Continuous Delivery is the key methodology that nowadays allows the entire “software production chain” working smoothly. However, it poses challenges which are not always technical but often related to the flow of information across the systems and people.
See the big picture
To succeed, we need to raise our point of view to see the “big picture” and understand how things are connected and where are the improvement points, considering all the data we have about:
collect software and system metrics, logs, test results, build trends
People and Teams
active and passive collaborators, contributors, reviewers, comments and replies
Collecting data is not enough, we need to raise our point of view and hike the Continuous Delivery mountain of problems and reach a point where all those elements make sense because they are:
all visible from a single perspective
Yet another BigData problem
The problem is too many data sources to manage.

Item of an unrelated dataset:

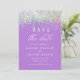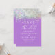Casamento com brilho roxo Salve os Cartões de Data com um plano de fundo roxo acentuado com brilho iridescente e seu personalizado salva as informações de data. Personalize com seu texto editando o texto nas caixas de texto fornecidas. Projetado para você por ©Evco Studio www.zazzle.com/store/evcostudio

The typical solution to the problem is taking all logs from everywhere and publishing them to a single repository using an ELK (ElasticSearch + Logstash + Kibana) stack and building fancy dashboards. I have used this approach for small-scale projects, and it works quite well, but … when I tried to scale that to a much bigger Continuous Delivery pipeline the complexity, diversity, and granularity of data just killed my ability to see the “bigger picture” and I felt almost helpless in front of my Kibana dashboards.
Back to the source of data
Trying to understand what was missing, I ended up realizing that some of the dimensions were not taken into account and correlated: Code Reviews.
All the tooling were about test results, build, system and application logs but none of them has taken the code into account, which is the source of all the pipeline. You can understand where to go if you realize where you are coming from: the code is the source of all build chains.
When I started collecting data from the code repository and reviews, all made sense again, and I felt the I have reached the peak of my Continuous Delivery hiking effort: all made sense again and I could see the overall perspective.
Continuous Delivery Analytics
Exactly in the same way we Application Analytics are used to collecting data about our production system, split into dimensions and analyzed, we need then to start doing the same with our Continuous Delivery pipeline.
There are already some of the tools out there in the market which integrates some parts of it, but I haven’t seen a single one who can give you the bird’s eye perspective you need to understand the big picture.
That’s why I started writing one, using the only way make sense for me: writing in the open and with the help and cooperation of the OpenSource community of people and companies who share the same problem and have the same perspective.
Gerrit Analytics coming at the User Summit 2016
I presented my ideas at a couple of conferences (Devoxx, JenkinsWorld) and I received a lot of appreciation and feedback: the next one is the Gerrit User Summit in Mountain View – CA.
Large companies like SAP, Qualcomm, Ericsson, Google and Intel are exchanging every year their problems and ideas on how to make their Continuous Delivery Pipelines smoother, better and faster.
The perspective will be, of course, more Gerrit Code Review centric with more data and views that make sense from a review perspective.